Tuesday, April 16, 2019

Readingnote 5 (11)

       Desiree wear shoes, and she meets Daniel Beauxhomme.  Even though they do not formally introduce themselves, Daniel Beauxhomme is familiar of the girl (Desiree).  Desiree lives outside the hotel near the pool where she can see the light of Daniel's room.  One night, in her dream (I suppose), Daniel comes to her and laid with her.  Desiree sings songs for him.

        Desiree had never worn shoes.  Her feet were large, her toes long, straight, and wide apart.  These liberated toes she forced together to make them fit the confinement of the unyielding plastic of the too-small shoes.
     
       She smiled.  It's he.  It's he at last.  She sighed.  At last it's he.  Her brilliant smile attracted young Daniel Beauxhomme, who said to her, "Mademoiselle, your face is not strange to me.  Who are you?  From where do I know you?"

        I shall never leave these grounds again, Desiree Dieu-Donne vowwed, looking around her.  I shall die before I do.  As through in answer to her silent vow, a papillon came to rest on an azalea ush beside the steps.  Quickly Desiree captured it and put it into her cage.  A nearby artisan, seeing her ritual, inquired what she had done.  Desiree laughed gaily.  Hearing her loud, happy laughter, all the artisans laughed along with her.
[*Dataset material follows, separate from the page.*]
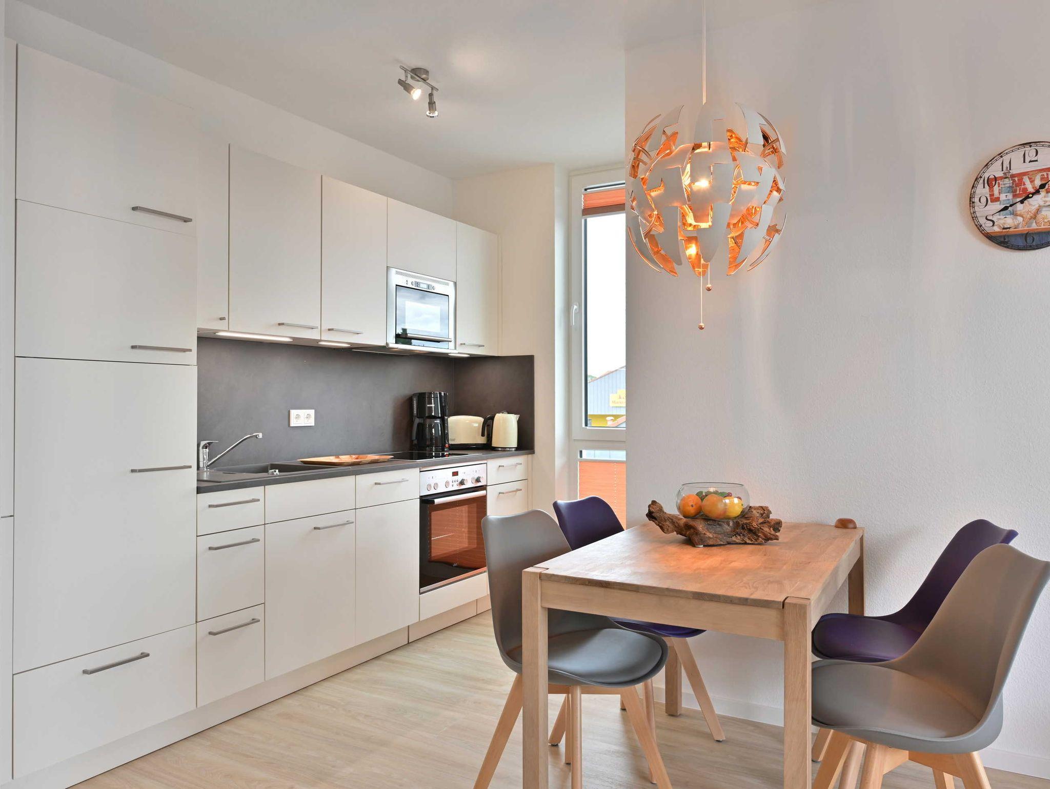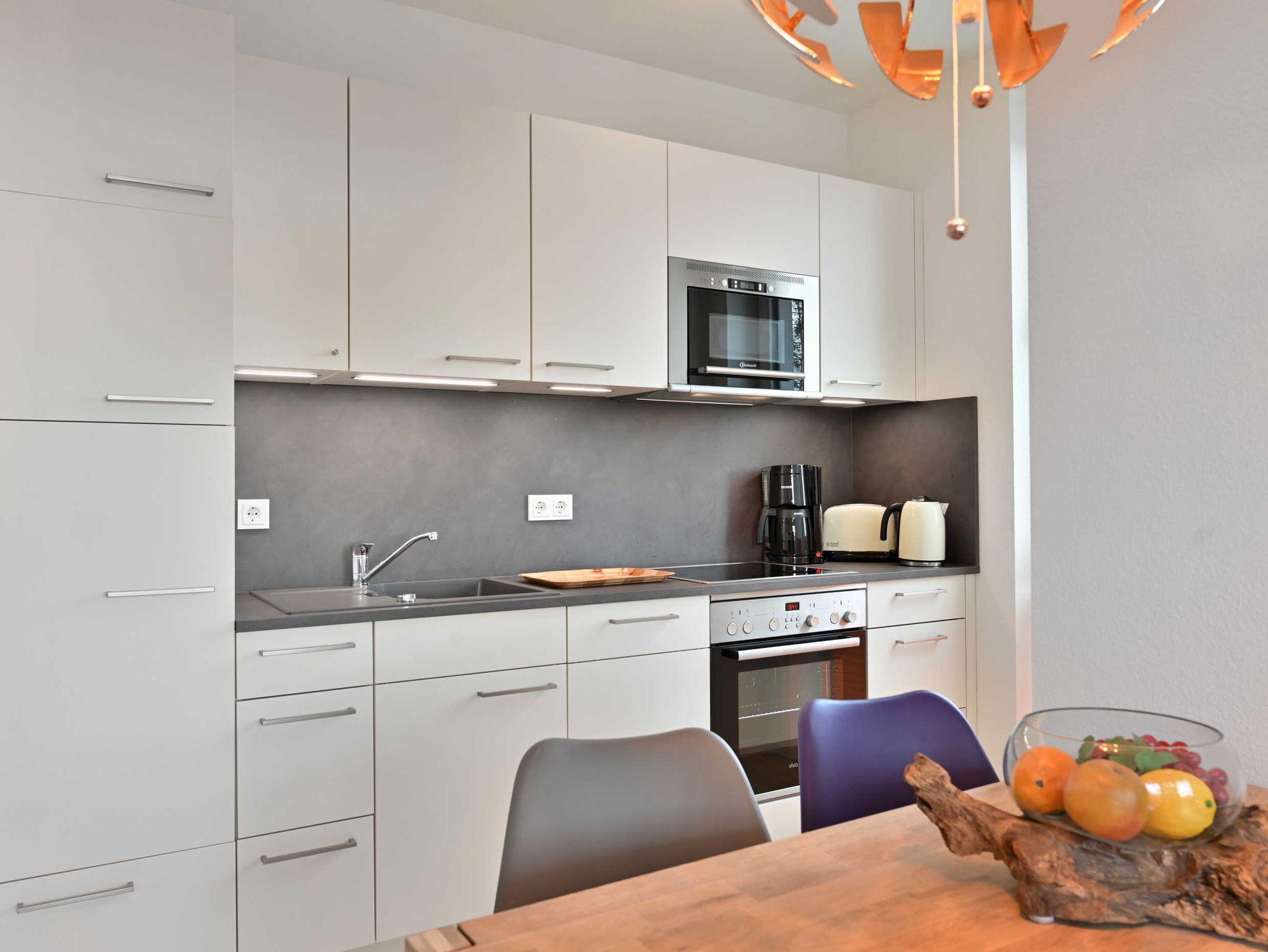 Küche mit Spülmaschine, Herd mit Backofen, Gefriermöglichkeit, Mikrowelle

        Desiree lived in a sort of terror.  But never had she lived so well.  When darkness came, when guests gave up outdoor pleasures, when the night watchmen replaced those who worked days, the grounds became her playland.  then she kicked off her shoes, eased her sore feet in cool grass, and in the happiness brought her by the release from pain she ran and played freely.  In the orchards she gathered fruits.  She ate them along with the leavings of guests' dinners, placed in buckets outside the kitchen for collectors.  Meats she had never before tasted, buttered bread, legumes cooked in strange sauces became her nightly meals.  She bathed in swimming pools where bats swooped down to quench their thirst.  She washed her clothes.  she washed her hair and combed it with her magic comb.  Stretching out at the side of the pool, as black as the night that absorbed her, she listened tot eh laughter of guests, to music playing, to the coming and going of cars, while gazing up at the windows of Daniel Beauxhomme's room.  Only when his lights went out did she go to sleep.

        Never did she attempt to go into the hotel, or to try to see Daniel Beauxhomme.  She longed to.  But she feared being caught and banished from the grounds and losing forever her chance to save him.  This forced her to exercise patience.  The gods had sent her to him.  She had to use her patience, until they sent him to her.  And they did.